Kim Kinney doesn’t believe in throwing away gear. In fact, she’s made a career out of sewing, repairing, altering and tailoring gear to extend its lifespan.
Broken zipper? You can save it. Torn crotch on your waterproof pants? It can be patched up.
After dropping out of college to ski, Kinney was trained in the art of tailoring while working at the Little Cottonwood Tailor Shop at Snowbird, Utah.
Now, 20 years later, her Bend, Oregon-based gear-repair shop, Rugged Thread, is a hub for savvy outdoorsmen and women snubbing fast fashion in favor of a more sustainable relationship with their favorite boots, sleeping bags, backpacks and more.
“A lot of people get attached to their gear because they’ve been to a lot of places and have great memories together,” Kinney says. But the reasons for caring for and repairing gear go beyond nostalgia.
“Buying and selling used clothing and gear fills the gap at a fraction of the cost of buying new,” says Kinney. “And people don’t think about the lifecycle of donating broken items to charity.
“Donated items in good working order have a greater chance of being used.”
With the winter season upon us, Kinney says a little TLC can go a long way toward extending the life of your gear for another season or more. Here, her best tips for keeping your cold-weather gear functional so it can avoid a one-way trip to the trash.
Give your gear a checkup before the snow hits
Unpack your winter gear and give it a once-over now, before you’re too deep into the season.
Replace Velcro and shock cord, and patch up torn jackets and pants with a needle and thread or Tenacious Tape, a high-quality fabric tape that doesn’t get sticky and lasts through multiple washings.
“Never use duct tape, because it leaves a sticky mess over time,” says Kinney.
Reapply durable water repellent (DWR) to waterproof jackets and pants
“Waterproof, breathable fabrics perform well because of the exterior durable water repellant (DWR) coating and the inner waterproof membrane, like GORE-TEX®, eVent™, NeoShell® [and] H2No®,” explains Kinney.
The DWR coating is a wax-type treatment that reactivates with heat in your dryer. Eventually, the coating breaks down and needs to be reapplied.
Check with your garment’s manufacturer to see if you need to use spray-on or wash-in products.

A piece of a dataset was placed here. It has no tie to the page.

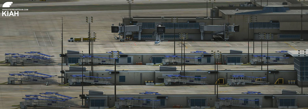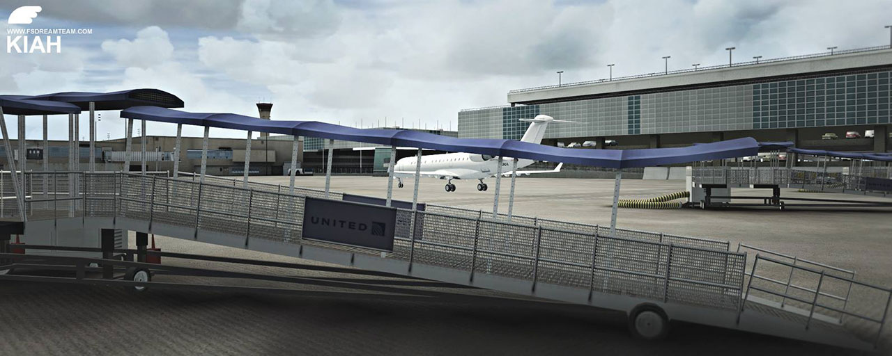 Houston George Bush Intercontinental Airport ( see the Wikipedia article here ) is a scenery developed for Microsoft Flight Simulator X (FSX) and Lochkeed Martin Prepar3D. It's has been created with great attention to visual quality and performance, using the latest available programming techniques.

Kinney recommends aftermarket products like Granger’s, Nikwax, McNett or Penguin.
Wash your outerwear
Outerwear is designed to be rugged and go a long time without a washing, but dirty outerwear doesn’t just smell; it functions poorly.
Manufacturers recommend washing outerwear at home in a front-load washer and advise against dry cleaning, so follow the care tags on your down sweaters, pants and jackets and be sure to patch up holes before you wash anything.
“For fluffy down, add three tennis balls to your dryer and dry on medium-low heat,” says Kinney.
Tailor your new gear for your snow conditions
“There is a place for new gear. It’s fun to get new stuff that has the latest technologies, but before you buy new, know your snow,” says Kinney.
“In wet climates like the Pacific Northwest, it’s worth it to spend the extra money to buy fully seam-taped and high water-repellent and waterproof jackets and pants.”
Know the difference between critically seam-taped and fully seam-taped, and understand water-repellency ratings. When buying new pants, look for the best fit through the waist and hips and buy long if you have to; pants can be hemmed easily.
Take advantage of warranty and repair departments
Torn seam? Broken zipper? Your repair could be covered under a manufacturer’s warranty or repaired at a substantially discounted price — with enough lead time.
“Sending your garment in mid-season may take up to eight weeks, so get it in during the shoulder season,” says Kinney. “Some of the best in-house repair companies we know are Patagonia, Outdoor Research, Arc’teryx, Osprey and Kuhl.”
Fix your zippers; it’s easier than you think
“It’s rare to find a person who knows that zippers can be repaired,” says Kinney.
“People are pleasantly surprised to know that most jacket zippers can be repaired on the spot and most tent zippers can be repaired in about 30 minutes.”
Kinney estimates that 75 percent of broken jackets, tents, bags and backpacks only need new sliders. How to tell? If your zipper separates when you zip it closed, then the repair is most likely a new slider.